Retype the records below exactly as they appear, but leave out any pictures.

BEGIN SUPPLIED DATA

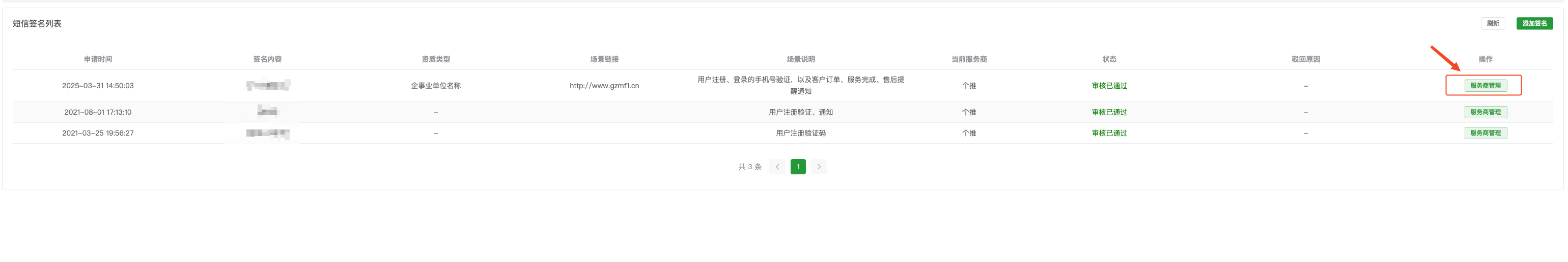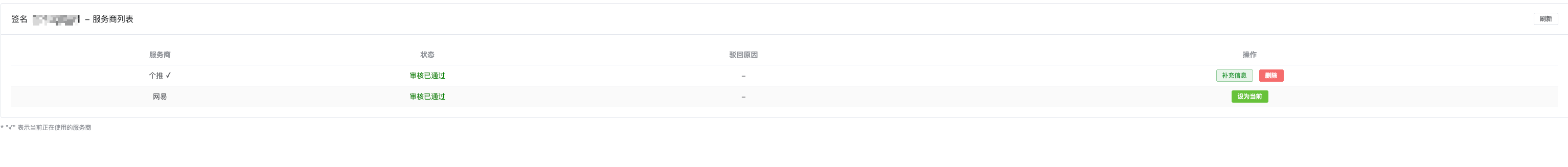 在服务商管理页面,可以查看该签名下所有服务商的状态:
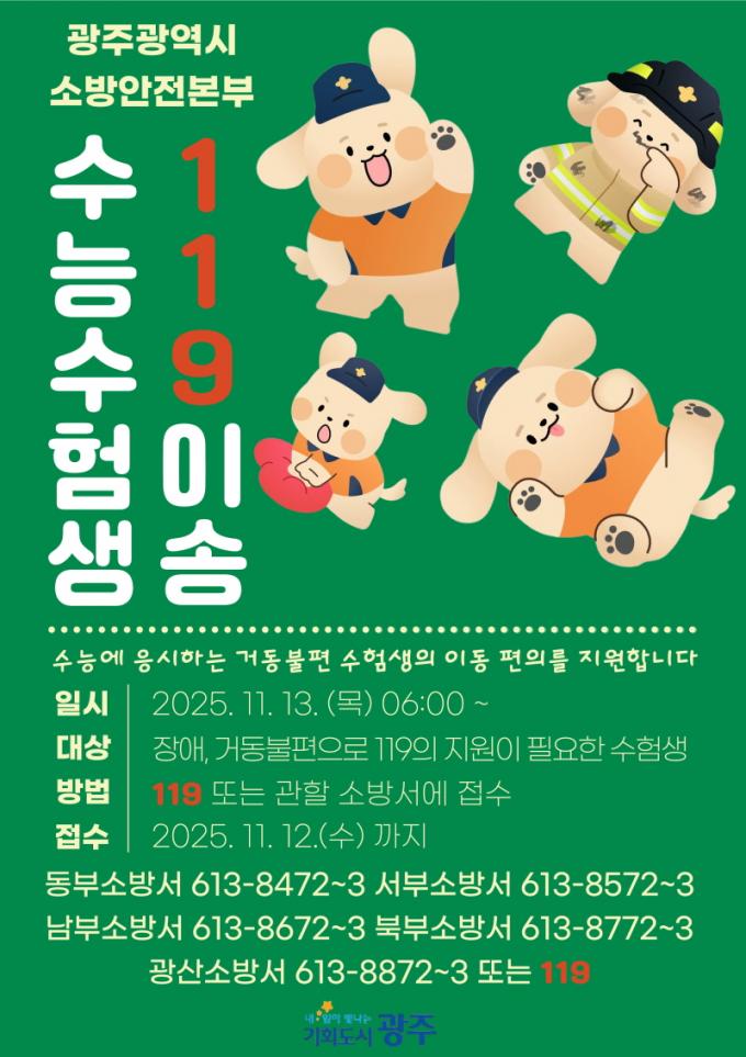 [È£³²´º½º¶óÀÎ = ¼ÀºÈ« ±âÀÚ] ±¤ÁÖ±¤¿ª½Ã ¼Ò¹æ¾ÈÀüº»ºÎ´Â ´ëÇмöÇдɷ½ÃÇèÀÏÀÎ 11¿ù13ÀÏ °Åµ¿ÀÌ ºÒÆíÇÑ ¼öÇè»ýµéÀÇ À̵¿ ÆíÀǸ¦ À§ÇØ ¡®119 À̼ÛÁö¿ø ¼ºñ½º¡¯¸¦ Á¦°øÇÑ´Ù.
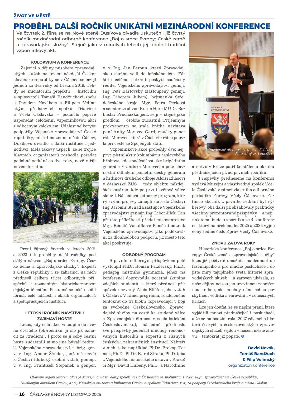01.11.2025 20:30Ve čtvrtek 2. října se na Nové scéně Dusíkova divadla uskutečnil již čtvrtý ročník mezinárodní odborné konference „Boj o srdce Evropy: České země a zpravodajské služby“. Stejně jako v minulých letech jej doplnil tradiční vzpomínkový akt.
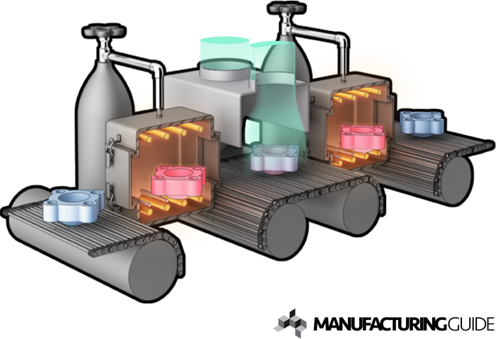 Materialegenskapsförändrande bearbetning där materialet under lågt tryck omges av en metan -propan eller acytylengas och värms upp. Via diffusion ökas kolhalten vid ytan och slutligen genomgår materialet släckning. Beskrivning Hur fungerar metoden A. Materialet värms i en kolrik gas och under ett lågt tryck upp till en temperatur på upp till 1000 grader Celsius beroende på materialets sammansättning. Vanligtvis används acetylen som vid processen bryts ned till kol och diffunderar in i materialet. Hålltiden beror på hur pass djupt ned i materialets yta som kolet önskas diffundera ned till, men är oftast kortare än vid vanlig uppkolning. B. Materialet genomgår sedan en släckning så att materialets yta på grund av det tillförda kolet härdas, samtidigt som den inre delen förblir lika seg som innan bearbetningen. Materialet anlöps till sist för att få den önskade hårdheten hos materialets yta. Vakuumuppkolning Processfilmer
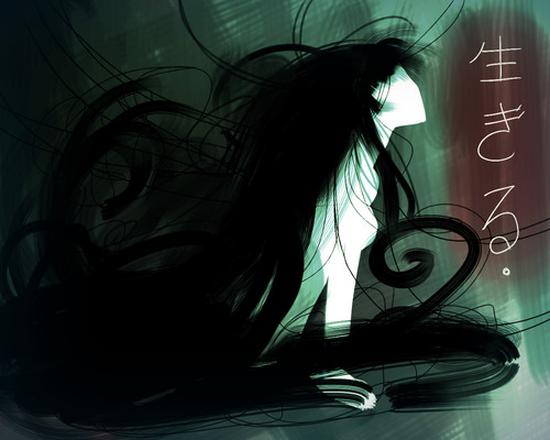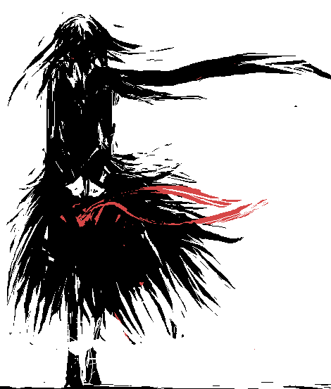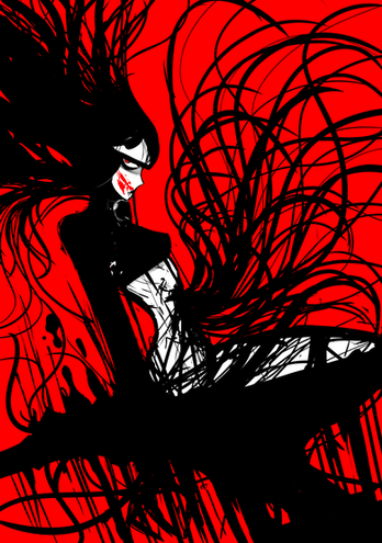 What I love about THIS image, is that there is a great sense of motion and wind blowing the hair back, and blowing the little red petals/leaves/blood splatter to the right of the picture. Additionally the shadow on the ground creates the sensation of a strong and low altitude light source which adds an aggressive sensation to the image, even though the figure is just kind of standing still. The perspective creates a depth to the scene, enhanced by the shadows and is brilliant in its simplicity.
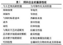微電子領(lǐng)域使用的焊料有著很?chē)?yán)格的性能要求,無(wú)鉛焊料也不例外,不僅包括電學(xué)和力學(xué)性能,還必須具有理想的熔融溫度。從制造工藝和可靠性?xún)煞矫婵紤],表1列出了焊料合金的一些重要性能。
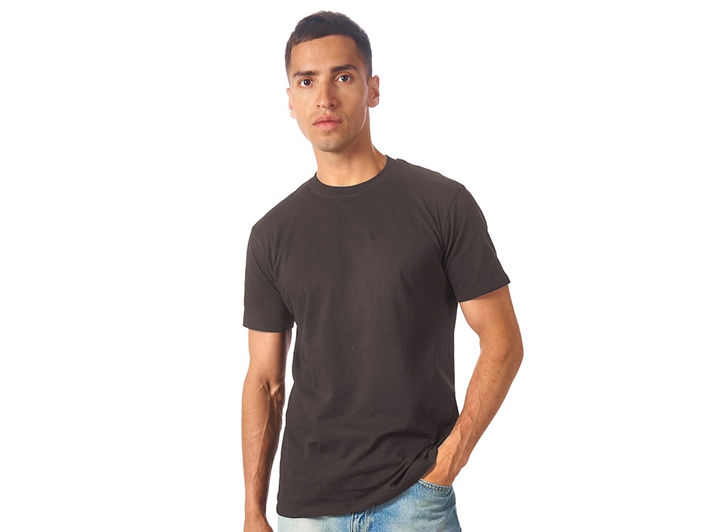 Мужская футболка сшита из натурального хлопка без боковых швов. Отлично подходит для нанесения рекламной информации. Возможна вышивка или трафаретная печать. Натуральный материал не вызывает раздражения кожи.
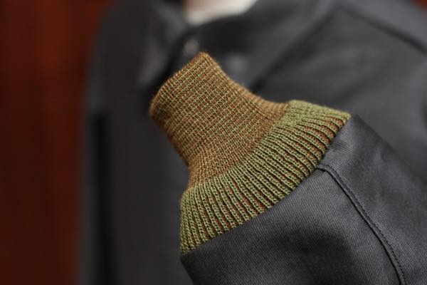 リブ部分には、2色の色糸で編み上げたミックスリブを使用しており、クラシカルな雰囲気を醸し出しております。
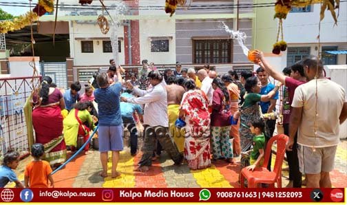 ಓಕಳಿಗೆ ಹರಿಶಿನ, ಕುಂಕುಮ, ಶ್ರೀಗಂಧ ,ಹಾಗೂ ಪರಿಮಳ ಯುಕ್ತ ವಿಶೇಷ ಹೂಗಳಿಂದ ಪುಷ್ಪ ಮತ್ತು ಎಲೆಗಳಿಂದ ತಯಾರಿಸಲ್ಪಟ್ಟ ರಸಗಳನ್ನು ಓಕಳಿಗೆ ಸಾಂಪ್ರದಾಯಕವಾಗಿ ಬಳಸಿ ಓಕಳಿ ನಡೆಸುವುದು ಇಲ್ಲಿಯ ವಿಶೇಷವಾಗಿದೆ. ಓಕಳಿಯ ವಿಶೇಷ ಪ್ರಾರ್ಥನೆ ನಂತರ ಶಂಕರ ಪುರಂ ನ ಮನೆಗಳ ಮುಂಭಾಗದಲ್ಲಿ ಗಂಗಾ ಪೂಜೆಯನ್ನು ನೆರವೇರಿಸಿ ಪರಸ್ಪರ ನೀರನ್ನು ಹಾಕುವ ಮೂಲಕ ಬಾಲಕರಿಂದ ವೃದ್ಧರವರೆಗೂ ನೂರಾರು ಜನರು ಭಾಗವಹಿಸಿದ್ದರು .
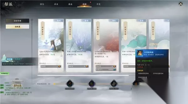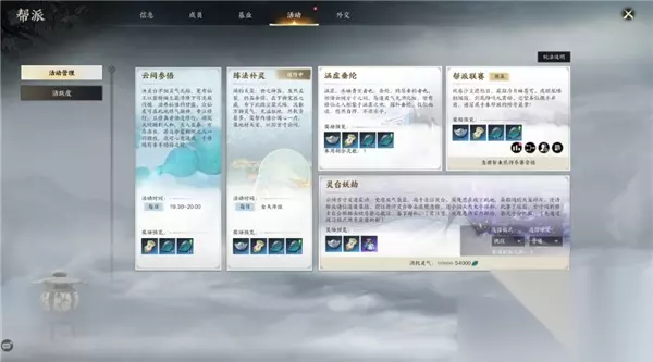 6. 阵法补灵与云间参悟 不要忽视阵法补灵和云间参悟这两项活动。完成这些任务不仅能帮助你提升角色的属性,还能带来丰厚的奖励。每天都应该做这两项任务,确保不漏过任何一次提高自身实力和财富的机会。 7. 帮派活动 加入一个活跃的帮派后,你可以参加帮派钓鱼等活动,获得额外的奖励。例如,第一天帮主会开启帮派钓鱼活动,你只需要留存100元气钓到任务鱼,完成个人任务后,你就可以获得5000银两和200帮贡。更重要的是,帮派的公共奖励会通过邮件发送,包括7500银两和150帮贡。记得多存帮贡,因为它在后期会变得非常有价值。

END SUPPLIED DATA

» **ANSWER TO THE EXERCISE**:
 在服务商管理页面,可以查看该签名下所有服务商的状态:
 [È£³²´º½º¶óÀÎ = ¼ÀºÈ« ±âÀÚ] ±¤ÁÖ±¤¿ª½Ã ¼Ò¹æ¾ÈÀüº»ºÎ´Â ´ëÇмöÇдɷ½ÃÇèÀÏÀÎ 11¿ù13ÀÏ °Åµ¿ÀÌ ºÒÆíÇÑ ¼öÇè»ýµéÀÇ À̵¿ ÆíÀǸ¦ À§ÇØ ¡®119 À̼ÛÁö¿ø ¼ºñ½º¡¯¸¦ Á¦°øÇÑ´Ù.
01.11.2025 20:30Ve čtvrtek 2. října se na Nové scéně Dusíkova divadla uskutečnil již čtvrtý ročník mezinárodní odborné konference „Boj o srdce Evropy: České země a zpravodajské služby“. Stejně jako v minulých letech jej doplnil tradiční vzpomínkový akt.
 Materialegenskapsförändrande bearbetning där materialet under lågt tryck omges av en metan -propan eller acytylengas och värms upp. Via diffusion ökas kolhalten vid ytan och slutligen genomgår materialet släckning. Beskrivning Hur fungerar metoden A. Materialet värms i en kolrik gas och under ett lågt tryck upp till en temperatur på upp till 1000 grader Celsius beroende på materialets sammansättning. Vanligtvis används acetylen som vid processen bryts ned till kol och diffunderar in i materialet. Hålltiden beror på hur pass djupt ned i materialets yta som kolet önskas diffundera ned till, men är oftast kortare än vid vanlig uppkolning. B. Materialet genomgår sedan en släckning så att materialets yta på grund av det tillförda kolet härdas, samtidigt som den inre delen förblir lika seg som innan bearbetningen. Materialet anlöps till sist för att få den önskade hårdheten hos materialets yta. Vakuumuppkolning Processfilmer
 What I love about THIS image, is that there is a great sense of motion and wind blowing the hair back, and blowing the little red petals/leaves/blood splatter to the right of the picture. Additionally the shadow on the ground creates the sensation of a strong and low altitude light source which adds an aggressive sensation to the image, even though the figure is just kind of standing still. The perspective creates a depth to the scene, enhanced by the shadows and is brilliant in its simplicity.
微電子領(lǐng)域使用的焊料有著很?chē)?yán)格的性能要求,無(wú)鉛焊料也不例外,不僅包括電學(xué)和力學(xué)性能,還必須具有理想的熔融溫度。從制造工藝和可靠性?xún)煞矫婵紤],表1列出了焊料合金的一些重要性能。
 Мужская футболка сшита из натурального хлопка без боковых швов. Отлично подходит для нанесения рекламной информации. Возможна вышивка или трафаретная печать. Натуральный материал не вызывает раздражения кожи.
 リブ部分には、2色の色糸で編み上げたミックスリブを使用しており、クラシカルな雰囲気を醸し出しております。
 ಓಕಳಿಗೆ ಹರಿಶಿನ, ಕುಂಕುಮ, ಶ್ರೀಗಂಧ ,ಹಾಗೂ ಪರಿಮಳ ಯುಕ್ತ ವಿಶೇಷ ಹೂಗಳಿಂದ ಪುಷ್ಪ ಮತ್ತು ಎಲೆಗಳಿಂದ ತಯಾರಿಸಲ್ಪಟ್ಟ ರಸಗಳನ್ನು ಓಕಳಿಗೆ ಸಾಂಪ್ರದಾಯಕವಾಗಿ ಬಳಸಿ ಓಕಳಿ ನಡೆಸುವುದು ಇಲ್ಲಿಯ ವಿಶೇಷವಾಗಿದೆ. ಓಕಳಿಯ ವಿಶೇಷ ಪ್ರಾರ್ಥನೆ ನಂತರ ಶಂಕರ ಪುರಂ ನ ಮನೆಗಳ ಮುಂಭಾಗದಲ್ಲಿ ಗಂಗಾ ಪೂಜೆಯನ್ನು ನೆರವೇರಿಸಿ ಪರಸ್ಪರ ನೀರನ್ನು ಹಾಕುವ ಮೂಲಕ ಬಾಲಕರಿಂದ ವೃದ್ಧರವರೆಗೂ ನೂರಾರು ಜನರು ಭಾಗವಹಿಸಿದ್ದರು .
 6. 阵法补灵与云间参悟 不要忽视阵法补灵和云间参悟这两项活动。完成这些任务不仅能帮助你提升角色的属性,还能带来丰厚的奖励。每天都应该做这两项任务,确保不漏过任何一次提高自身实力和财富的机会。 7. 帮派活动 加入一个活跃的帮派后,你可以参加帮派钓鱼等活动,获得额外的奖励。例如,第一天帮主会开启帮派钓鱼活动,你只需要留存100元气钓到任务鱼,完成个人任务后,你就可以获得5000银两和200帮贡。更重要的是,帮派的公共奖励会通过邮件发送,包括7500银两和150帮贡。记得多存帮贡,因为它在后期会变得非常有价值。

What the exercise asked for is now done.